# Kato vs Atlas track?



## Sally (Mar 13, 2010)

Good evening,

Has anyone done a comparison, pros-cons, of Kato versus Atlas (vs Peco?) sectional track?

As a newbie, I really want to avoid hand-laying track or using flex. (Even soldering looks tough right now!) So, I'd like to know which sectional joins easily, operates well, and lasts.

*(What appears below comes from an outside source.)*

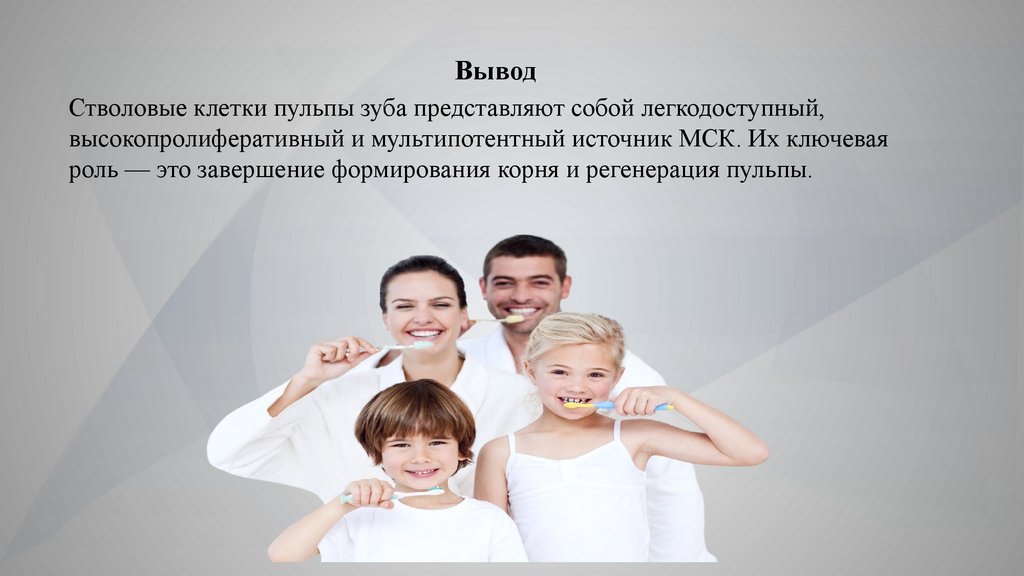 ВыводСтволовые клетки пульпы зуба представляют собой легкодоступный,

I need to match Peco Streamline code 55 turnouts that my husband bought for my use.
It's for a very small table-top layout (2 x 2.5). I'll be modeling steam, mid- to late-1800s.

Thank you,
Sally


----------



## Brakeman Jake (Mar 8, 2009)

For your purpose,handlaying track is definitely out as not required in any way.However,I do recommend that you use Peco C55 flex track as it will be the best match to your turnouts,wich are very good if not the best you can get.Installing flextrack is indeed more labour intensive than sectional track but is well worthed it.With sectional,curve radiuses are much more limited while flex allows you to custom fit your curves.

But if you want to go the sectional route,Peco C55 turnouts will accept Atlas C80 sectional track (not Atlas C55) fairly well.I've done it on a test loop and I've only had to file the railheads a little to match the height.Atlas C80 comes in 9 3/4 and 11 inch radius curves (11 in. being the largest you can use on a 24 in. layout) and have a very useful small hole every few ties to nail them down.Atlas C80 are reliable,easy to work with and decently priced.

As far as Peco sectional,I honestly don't know if Peco has them.If they do,I've never worked with them.They'd likely be your best option as they should be perfect fit.The only Kato track I know of is Unitrack,great trackage but definitely not an easy fit to Peco turnouts.Shimming and soldering likely required to fit and these are somewhat pricey.


----------